19 Feb 2026
Wallpaper* Design Awards: Detroit is City of the Year 2026

Visit Detroit

Detroit looks different these days. Its grand but long-abandoned buildings – vestiges of a bygone era when the automobile was king – have been transformed into galleries and hotels. New glistening towers soar high above the historic skyline. Once blighted neighbourhoods have been redeveloped to keep existing residents while attracting new ones – 12,500 in 2024, according to US census data. There's a sense of optimism here that's hard to find anywhere else in the US.

This transformation is emblematic of a new wave of revitalisation sweeping the Motor City, one that stems from the first seeds of scrappy urban renewal that began to emerge here a decade or two ago. Back then, organic farms and replanted urban forests started to crop up on the vacant plots of former row houses. Creatives made good use of disused warehouses and bank buildings, while journalists eagerly chronicled the hardscrabble, bootstrap narrative – perhaps no more so than with the watchmaker Shinola, which marketed itself as a 'made in America' brand. (A claim the Federal Trade Commission would later dispute.)

'When I moved here ten years ago, Detroit's creative scene was still very raw,' says French-American culture journalist Margot Guicheteau, who recently released a travel book called Soul of Detroit. 'It was like a jungle, but in the best way possible.
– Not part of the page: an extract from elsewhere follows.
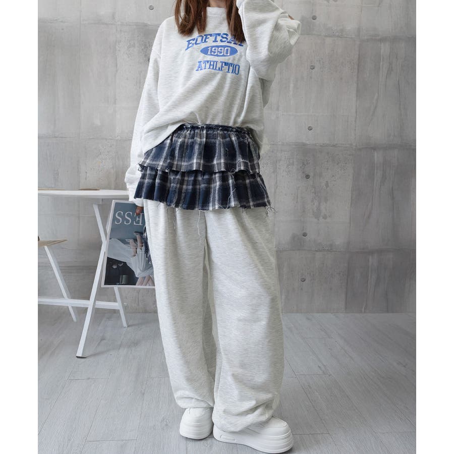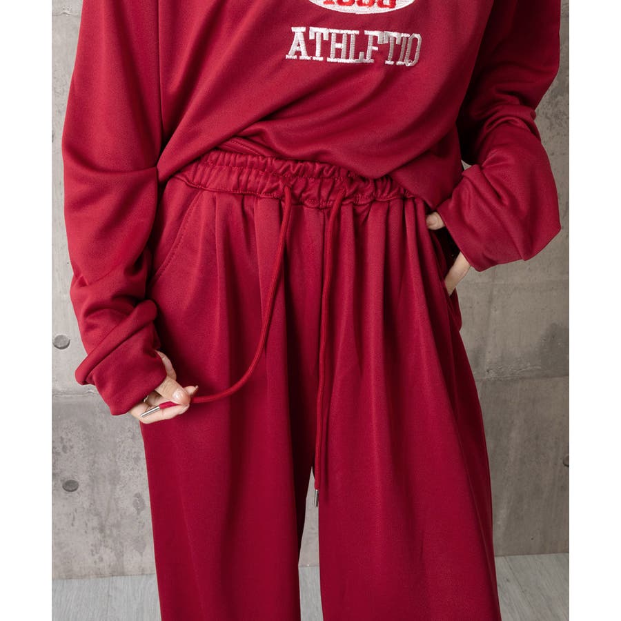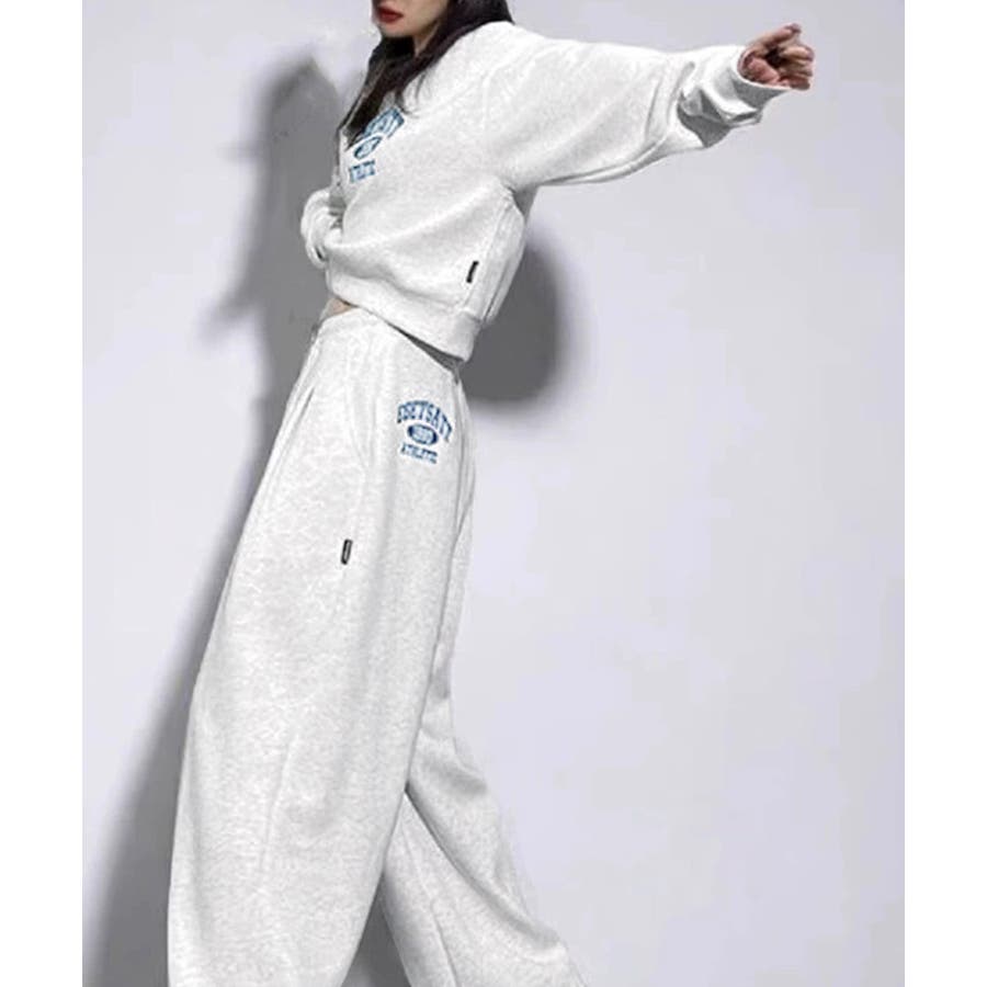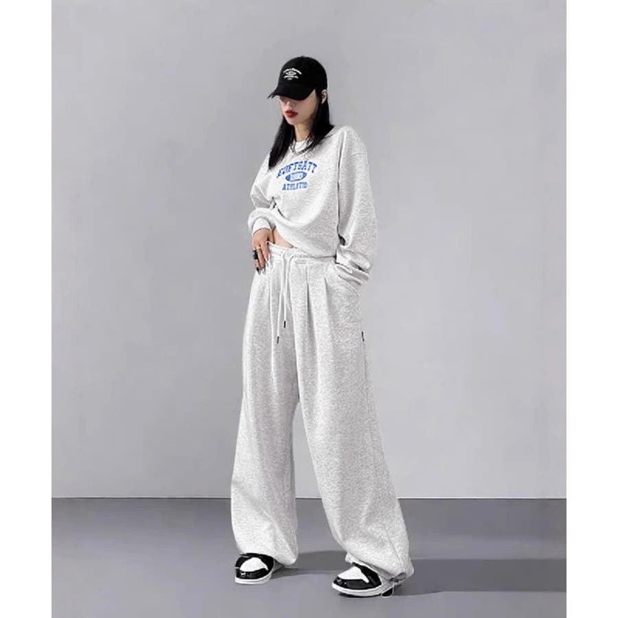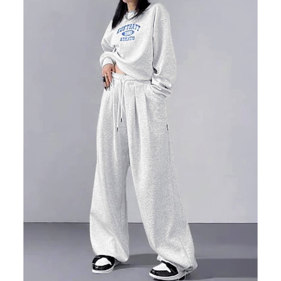 カレッジロゴが目を惹くスウェットトップスとワイドパンツのレディースセットアップ。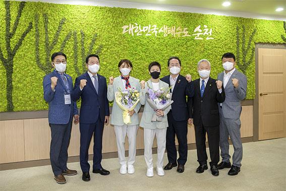 이번 도쿄올림픽에 출전하는 순천시청 소속 선수는 지난 2018 자카르타·팔렘방 아시안게임 은메달리스트인 여자유도 -52kg급의 박다솔 선수와 -48kg급의 강유정 선수 총 2명이다.

Everyone was talking about their visions for the city. Now they are actually coming to fruition.'

Detroit's current crop of movers and shakers (artists, architects, designers, gallerists and progressive developers) is taking a more considered approach to urban revitalisation, collectively formulating sustainable, future-proof strategies that other cities with similar conditions could potentially adopt. 'What we're doing here, other places will have to do soon as well,' says Philip Kafka, founder of Prince Concepts, a local developer that's invested in Detroit's Core City neighbourhood.

While downtown Detroit has experienced its share of shiny upgrades (notably with Hudson's Detroit, a 1.5m sq ft development designed by SHoP), there's been substantial growth in the city's neighbourhoods, too. New York firms Office for Strategy + Design and SO-IL are currently working on Stanton Yards, a cultural complex along the Detroit River, set to open in 2027. And in November 2025, Detroit mayor Mike Duggan announced a plan to transform the Albert Kahn-designed Packard Plant, one of the city's most notorious urban ruins, into a 28-acre mixed-use site that includes affordable live-work housing, a museum devoted to Detroit's electronic music scene, and even an indoor skate park.

'There's a misconception that the grassroots, DIY approach left the city,' says Anthony Curis, co-founder of Library Street Collective, the gallery and cultural platform that's spearheading the Stanton Yards project. 'It's very much alive but has shifted, almost exclusively, to the neighbourhoods.' The city's status as a Unesco City of Design and events such as Detroit Month of Design are further securing the Motor City's status as one of the most exciting places to be right now, and there are a number of projects that are putting it back on the map. Among these is the arts centre, The Shepherd.

Central to the rapidly redeveloping Little Village neighbourhood and completed in 2024, this multifaceted cultural campus makes clever use of a stately Romanesque church, its ancillary buildings and extensive grounds. The complex is anchored by an expansive hall for temporary exhibitions, sensitively converted by Brooklyn-based architecture firm Peterson Rich Office, as well as a public library, curated by Asmaa Walton of Black Art Library, and a performing arts theatre.